魔導士(ウィザード)の属性魔法は、空気中に循環するエーテルを行使して陣を結ぶ技術体系なの。宝石に内包されたエーテルは管轄外よ!」

「でも、宝石の内側にはエーテルが閉じ込められているだろう!?」

「それがどうしたと言うの!?」

「だったら!」


 俺は試作宝飾銃(リヒトカリヴァー)を脇に挟んで、コートの内ポケットへと手を突っ込んだ。

 その時――


「どさくさに紛れて! 殺すわよ!?」


 ――再びクリスタの肘打ち(エルボー)を後頭部に受けた。

 どうやらポケットに手を突っ込んだ拍子に、彼女の太ももを触ってしまったらしい。


「違う、誤解だ誤解っ」

「うるさいっ! 死ねっ!!」


 ガシガシと後頭部に打ち込まれる肘を我慢しながら、俺は手に取った宝石袋を前方へと放り投げた。

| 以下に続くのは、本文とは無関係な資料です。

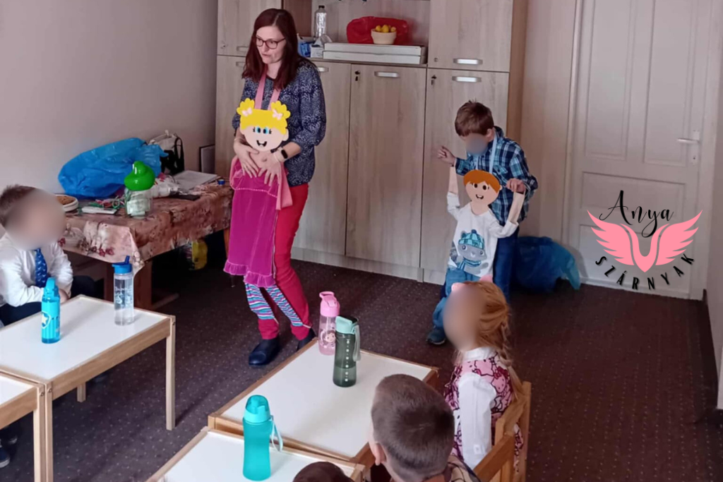 Majd a mesével folytattam, volt aki ismerte már, volt aki még nem, de az egyik kisfiú a végén hangosan oda szólt: „Ez jó mese volt!” – aminek persze nagyon örültem! A mesét külön elkészítettem nekik és kinyomtattam A4-es lapokra, mivel nem volt meg könyvben nekem.

 そして、袋が地面に落ちるのに合わせて、足の裏で踏み潰す。

 パキパキと宝石が砕ける音が聞こえた瞬間――


受け取れ(・・・・)、クリスタッ!!」


 ――暴れていたクリスタの動きがピタリと止まった。


「あなた、やるじゃない」


 クリスタの小さな誉め言葉が、確かに俺の耳に届いた。

 その直後――


「うっ!?」


 ――突然、俺の足から地面を踏む感触がなくなった。


「うおおぉっ!?」


 全身を襲う浮遊感と共に、俺は自分の体が地面から離れていくのを目にした。

 すぐ後ろまで迫っていた三匹の魔物も。

 その魔物が伸ばしてくる無数の触手も。

 大魔法で広く陥没した地形も。

 崩壊した町も。

 牧草地を走る街道も。

 すべてが俺の視界に小さく収まっていく。


「お、俺は今……浮いている、のか!?」

「私の体を絶対に離してはダメよ、ジルコ」

「クリスタッ!?」

「私の肌ではなく、衣服にしがみつきなさい。風の精霊(シルフ)の魔法と違って、飛翔戯遊(フライヤー)は無機物にしか浮力を与えられないの!」

「や、やっぱり浮いてるのかぁぁっ!!」


 足元に地面がないことの違和感ったらない。

 あまりにも不安なので、情けないことに俺はクリスタの体を抱きしめていた。

 小さくてか細い彼女の体が、空中(ここ)では異様に頼もしい。


「今だけは私の体に触れることを許してあげるわ」


 クリスタの声はすっかり落ち着きを取り戻している。


 俺とクリスタの体は空中に滞空しているようだった。

 しかも、どうやら俺は逆さまになったまま空中に浮いているらしい。

 天地が逆転していて、顎を上げることで地上が見える。


「魔物が……あんなに小さい」


 広大な牧草地に、ポツンと黒コショウの粒のような魔物が三匹。

 俺の視力でもその程度にしか見えないということは、今は地上数百mの高さに滞空しているのだろう。


「もう少し浮上するわよ。しっかり捕まっていて!」


 クリスタが言うや、さらに高度が上がっていく。


 街道をたどった先には、ドラゴグの帝都が。

 そのさらに遠方には、太陽に照らされて輝くグランソルト海が。

 さらに向こう側には、水平線にわずかに影となって見えている海峡都市(ブリッジ)が。


「す、凄いっ!」

「ちょっと、ジルコ!? どこ触っているのよっ」


 クリスタには悪いが、今は周りの景色にしか関心が向かない。

 俺は彼女の細い体に顔を這わせながら、眼前に広がる光景を眺め続けた。


「これがいつもお前が見ている景色なのか、クリスタッ!?」

「クリスタと呼ばないでと……。こらっ、胸に顔を押しつけないで!」


 目の前に広がる光景のなんと美しいこと。

 こんな光景は今まで見たこともなければ、想像したこともなかった。

 羊皮紙に描かれた飾り気のない記号の集まりだった地図が、まさかこんな美しい世界を描いていたものだなんて信じられない。


「これが……これが世界!!」


 世界を目の当たりにして、俺は天にも昇る心地だった。